Ninguém sabe com certeza se foi Charles ou William Lynch quem oficializou, ainda no século 18, o assassinato de uma pessoa, cometido por uma multidão, sem prévio julgamento ou prova de culpa. O certo é que a prática do linchamento tornou-se corriqueira e ganhou, mesmo, entre nós, uma subcategoria, a do linchamento moral. No Brasil, em especial, parece que linchar é um esporte tão fácil de praticar quanto jogar peteca ou chutar bola. Com o auxílio tecnológico das redes sociais, então, ficou ainda mais fácil participar de qualquer campanha linchatória sem sequer sujar as mãos. E é tudo muito rápido, veloz, um zás-trás: anteontem era o Rafinha Bastos, ontem foi o Orlando Silva e amanhã... talvez o ministro da Educação, por conta das sucessivas besteiras em torno das provas do Enem. É bom preparar as pedras - virtuais ou não.
O esforço gasto no linchamento alheio talvez seja o motivo de as pessoas não prestarem atenção nos detalhes sórdidos das histórias. Vamos pegar o caso do Orlando Silva como exemplo. Não acredito que o ex-ministro dos Esportes seja o anjo de candura e inocência que ele, seus correligionários e uma ala mais à esquerda da política querem mostrar. Também não acredito que ele devesse ser crucificado tão logo apareceu a primeira denúncia, como queriam os centro-direitistas espalhados pela política e pela imprensa. Há que se apurar antes de se dar qualquer sentença - pelo menos é isso o que eu espero que façam comigo, no hipotético caso de ser acusado de alguma coisa.

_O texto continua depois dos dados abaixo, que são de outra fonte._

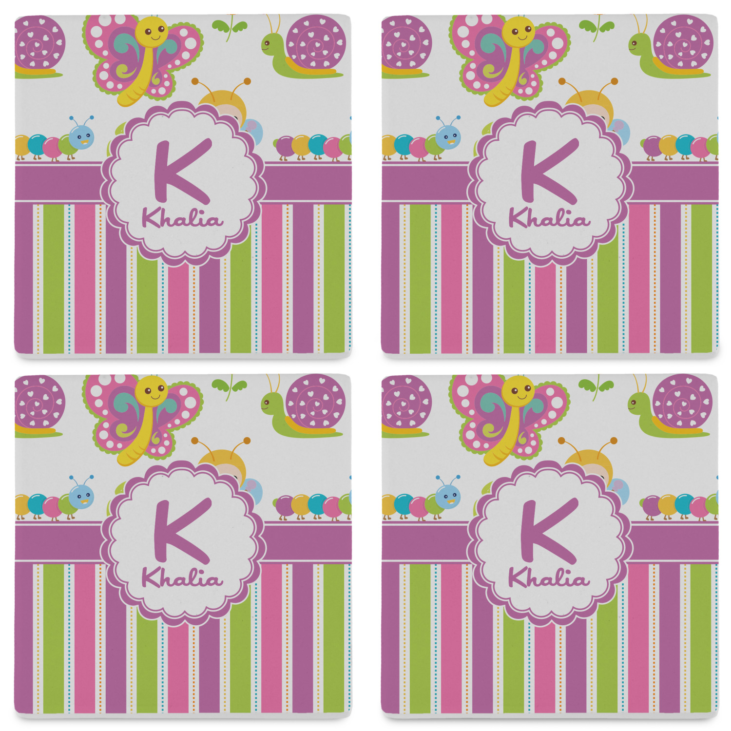 By default, the 4 coasters all have the same design on them, however, you can change that and have a different design on each one of the 4 coasters. The choice is yours.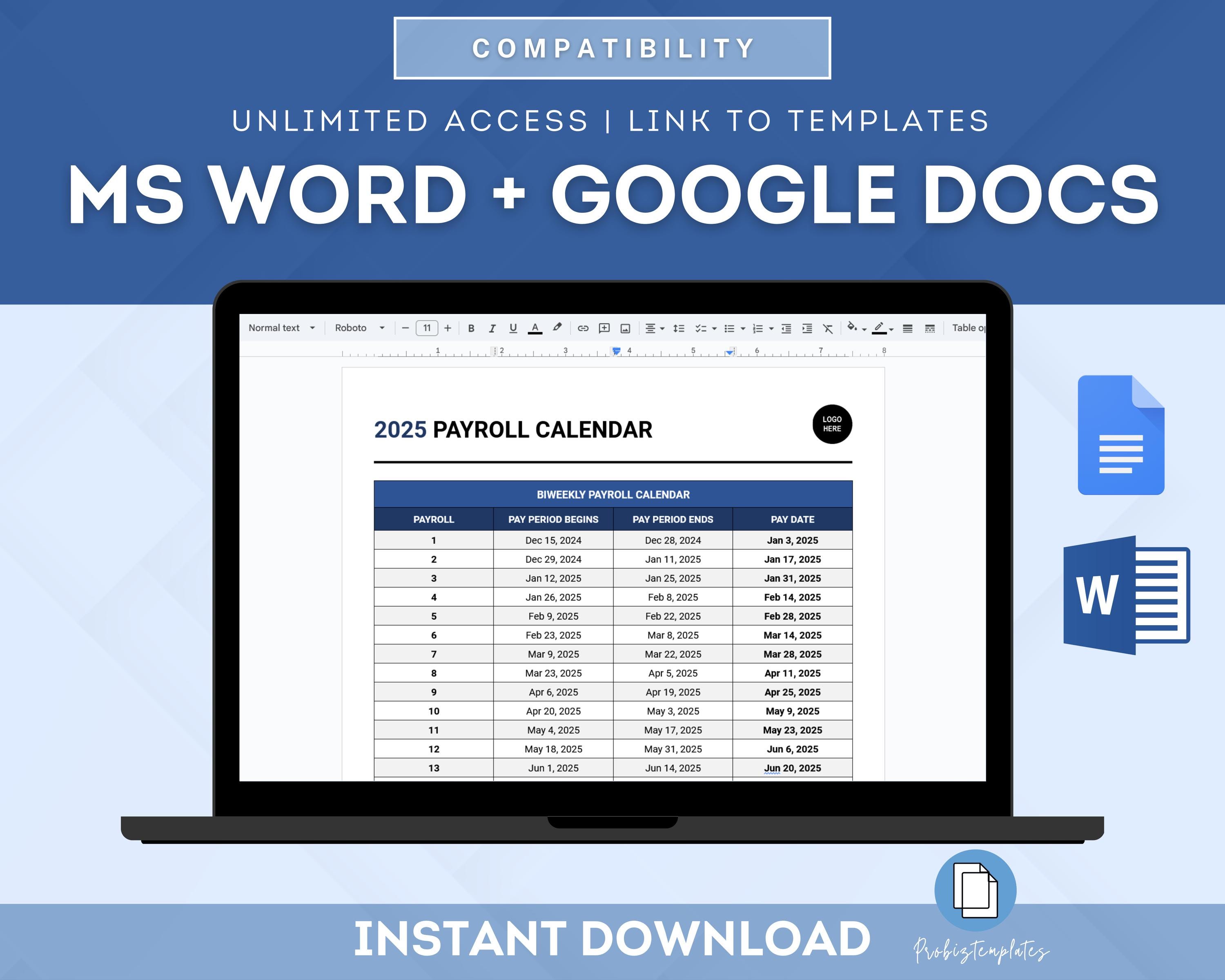 Biweekly Payroll Calendar 2025 MS Editable Word Excel Pay Period
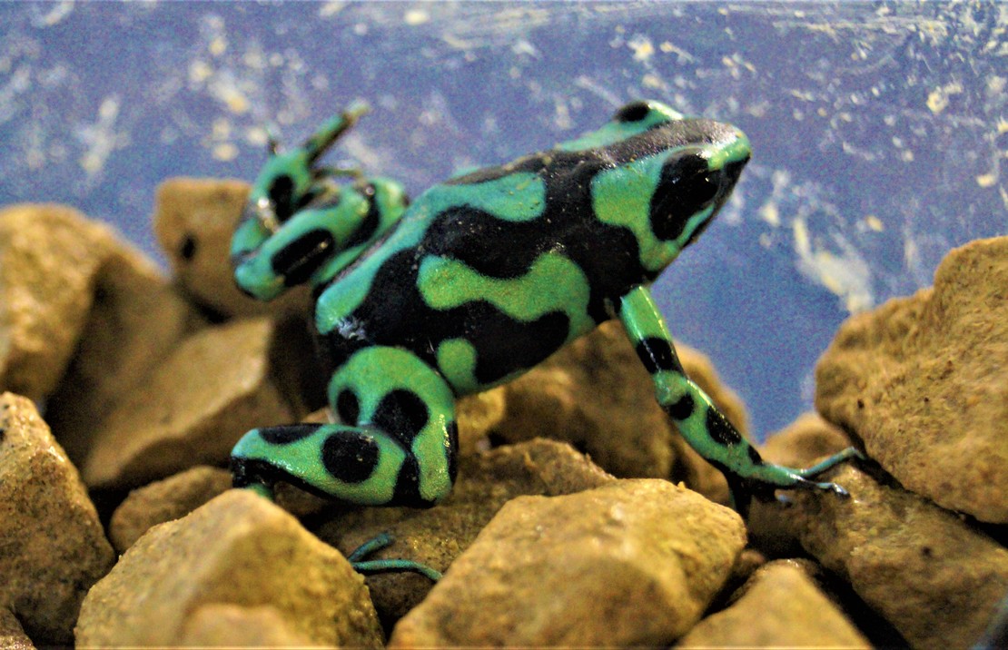 Dendrobates Auratus De kikkers zijn 25-40mm groot met uitzondering van een Panamese hoogland variant die tot 55mm groot wordt. De meest bekende kleurvorm van deze kikker is groen met grote zwarte vlekken, maar er zijn vele kleurvarianten bekend. De metalic groene kleur maakt bij sommige varianten plaats voor blauw, blauwgroen, geel, wit, grijs of goudkleurig. De zwarte vlekken kunnen zodanig met elkaar verbonden zijn dat er zeer kleine gekleurde stippen of een aantal gekleurde banden overblijven. De zwarte vlekken kunnen bovendien chocolade bruin zijn. Geografische variatie: De meest algemeen voorkomende groene variant wordt gevonden van Nicaragua tot in de Choco regio van Colombia. Deze populaties wijken echter allemaal iets van elkaar af in de groentint (mintgroen tot blauwgroen) en de proportie van zwart of chocolade bruin die de gekleurde vlekken terug kunnen dringen tot een aantal vlekken of banden. Op de Bocas del Toro is de groene kleur tot op meer dan 50% door zwarte vlekken terug gedrongen. Op het eiland Tobago en centraal Panama komen goudgekleurde varianten voor. Op Hawaï is een gouden kleurvorm geïntroduceerd. Eilanden in het Panama kanaal herbergen chocolade bruine kikkers met goudkleurige stippen. Grijs bruin en grijs met zwarte kleurvarianten komen voor in San Blas en Cerro Campana National Park. De blauwe kleurvorm komen alleen voor in Panama.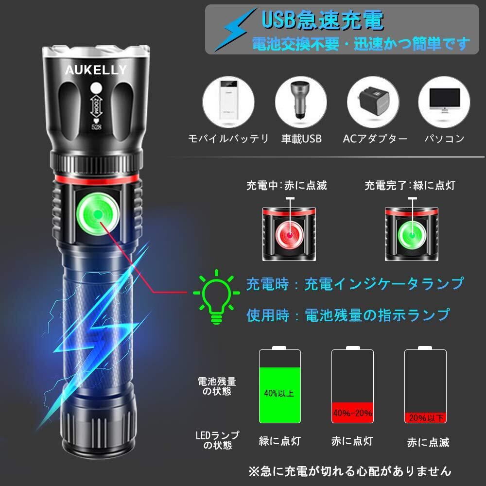【USB急速充電式&電池残量の指示ランプ付き】 こちらのLED懐中電灯の電源は充電池(付属)を使っています。単三のアルカリ乾電池を使っているLED懐中電灯とは違い、電池交換不要、バッテリーを取り外さずにType-Cケーブル(付属)で何度も充電できます。または充電指示ランプと電池残量指示ランプが付いていますので、急に充電が切れる心配がなくて安心してお使いいただけます。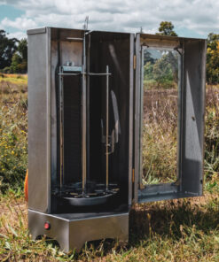 Use our unique and mobile vertical spit for swarmas, espatades or a normal spit. Connects to a gas cylinder.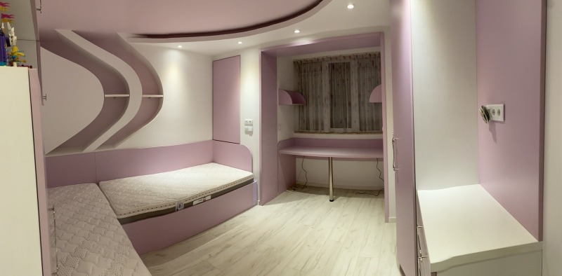 Детската стая е оптимално усвоена откъм шкафове и гардероби, като бюрата са разположени пред южния прозорец за максимална осветеност.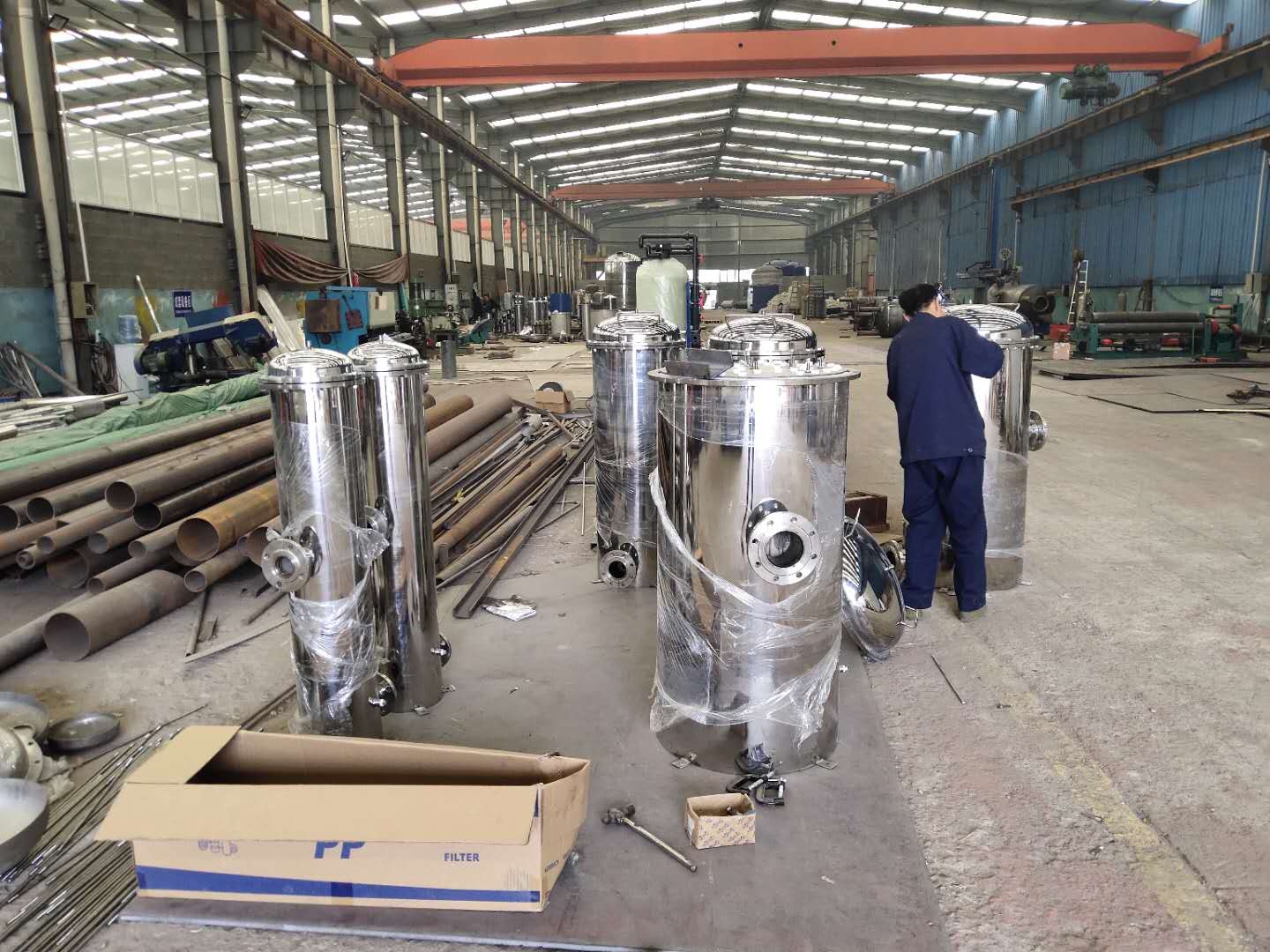 精密過濾器一般用在石英砂過濾器,活性炭過濾器,離子交換器后面或反滲透,鈉濾,超濾前置過濾,一方面是進一步處理水中細的雜質,另一方面防止前道工序里破碎石英砂、活性炭,離子交換通過布水器留到下道工序。

Não basta ser inocente, é preciso parecer inocente aos olhos da opinião pública. Mas vivemos numa situação em que, por princípio, todos parecem culpados de alguma coisa. Com isso, o bate-boca entre situação e oposição, normalmente já subnivelado, atinge o inimaginável. Deveria ser prática corrente o sujeito colocado sob suspeita pedir o chapéu e - temporariamente - sair do cargo que ocupa. Daria à investigação, ao menos, a aparência de que algo seria feito. Constatada a inocência, o sujeito voltaria pra sua salinha, sua secretária, seus despachos. Assim como outros ministros apanhados em algum tropeço, Orlando Silva não fez isso e, claro, submeteu o governo inteiro a uma frigideira quentíssima.
O mais impressionante no caso do Orlando - podemos tratar na intimidade, há 15 dias só se fala no homem, ele ja é de casa - é que, se levadas a sério, as denúncias deveriam derrubar tudo quanto é ONG, instituição beneficente, sociedade amigos de bairro, salão paroquial, o diabo a quatro. O desfile de organismos que levaram grana - e grana preta - do governo pra atender crianças que não existiam é de ofuscar concurso de miss. Os valores, sempre milhares de dólares, parecem saídos de um livro do Sidney Sheldon ou outro best-seller desvairado: não pode ser coisa de vida real lidar com 3 milhões aqui, 5 milhões ali, como se estivéssemos falando do troco pra comprar um chiclete.
Enquanto isso, no lado dos que gostam de arrotar moralidade em cima do outro partido, uma série de "denúncias" ameaça fechar um shopping construído em cima de um lixão, porque aquilo tudo poderia ir pelos ares. Quando alguém lembrou que havia um conjunto residencial popular - uma ex-favela devidamente encaixotada em alvenaria - logo também se chegou a um acordo e surgiram providências que deveriam ter sido tomadas há anos (e não o foram por dificuldades técnicas intransponíveis). Ficou tão evidente que rolou um "cala a boca" entre as devidas partes envolvidas que a gente até perde a noção do certo e do errado. O que antes era tratado com certo pudor, agora é praticamente escancarado. Perdeu-se o pudor de parecer desonesto.
Essa constante aula prática de Aética é o que tem guiado jornais, seja da mais raivosa direita, seja da mais energizada esquerda. Não há, até o momento, nenhum sinal de que princípios de moralidade e decência no trato da coisa pública sobrevivam em algum rincão de nosso território. Isso é muito triste, porque desobriga qualquer pessoa a cumprir uma lei que seja. Se a direita sempre fez o que bem quis e a esquerda, quando sobe, demonstra ter aprendido direitinho o que não presta... não sei bem o que devemos esperar desses seres que nos governam. Nem mesmo de nós, os governados. Fico perdido, entre o susto e o desânimo.